Essa é uma série de contos. Deseja ler a 1ª Parte ou 4ª Parte?

  À medida que ele avançava naquela estrada, parecia que aquela subida se tornava cada vez mais inclinada, quase vertical. Mas ele sabia que estava perto do casebre porque disseram que o casebre do Velho ficava “perto da estrada, quando a subida terminava”.
  O tempo estava se esgotando outra vez e ele não tinha menor noção de quanto tempo ainda tinha disponível... Ele precisava chegar!
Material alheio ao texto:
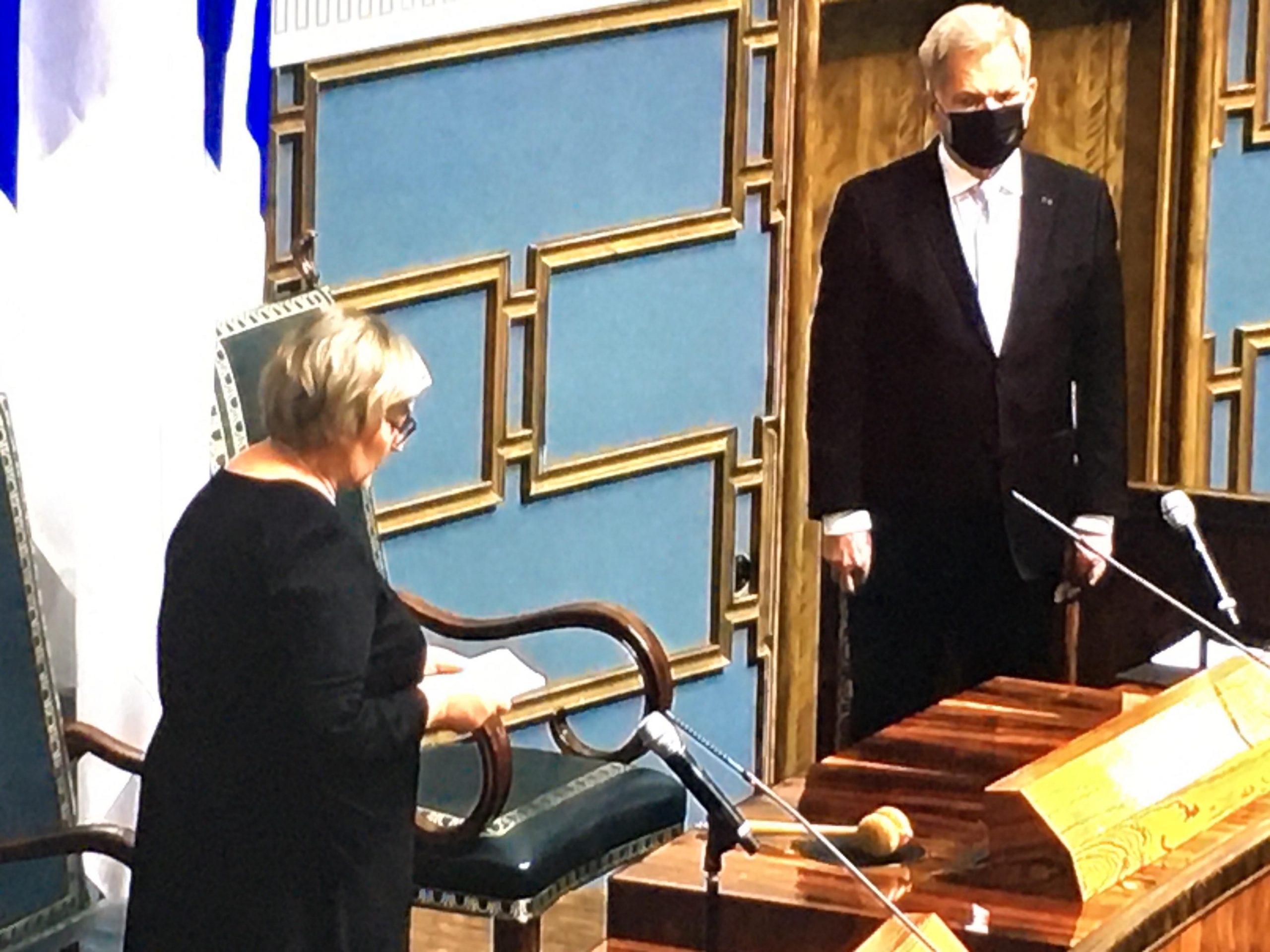 Tasavallan presidentti Sauli Niinistö puhui ilman maskia, mutta kuunteli puhemies Anu Vehviläisen puheen maski kasvoillaan. Vastaavasti Vehviläisellä oli maski presidentin puheen aikana. (Kuva Yle TV1:n lähetyksestä.)

  Correndo o mais rápido que podia, ele chegou a cruzar com alguns loucos que não sabiam onde estavam, nem para onde iam e, portanto, seriam inúteis para indicar se ele estava no caminho certo. O céu continuava nublado, mas não estava tão escuro e ele conseguia ver os campos e pastagens que cercavam a estrada de terra dura. Então ele viu algumas árvores mais adiante e se apressou, correndo com as mãos próximas ao solo por causa da subida, tropeçando em seus próprios pés. Havia uma luz débil e alaranjada em cada janela do casebre e grandes árvores cercavam-na, principalmente ao fundo, de onde uma fumaça serpenteava em sua ascensão vagarosa.
  “Era o casebre do Velho, finalmente”, pensou ele.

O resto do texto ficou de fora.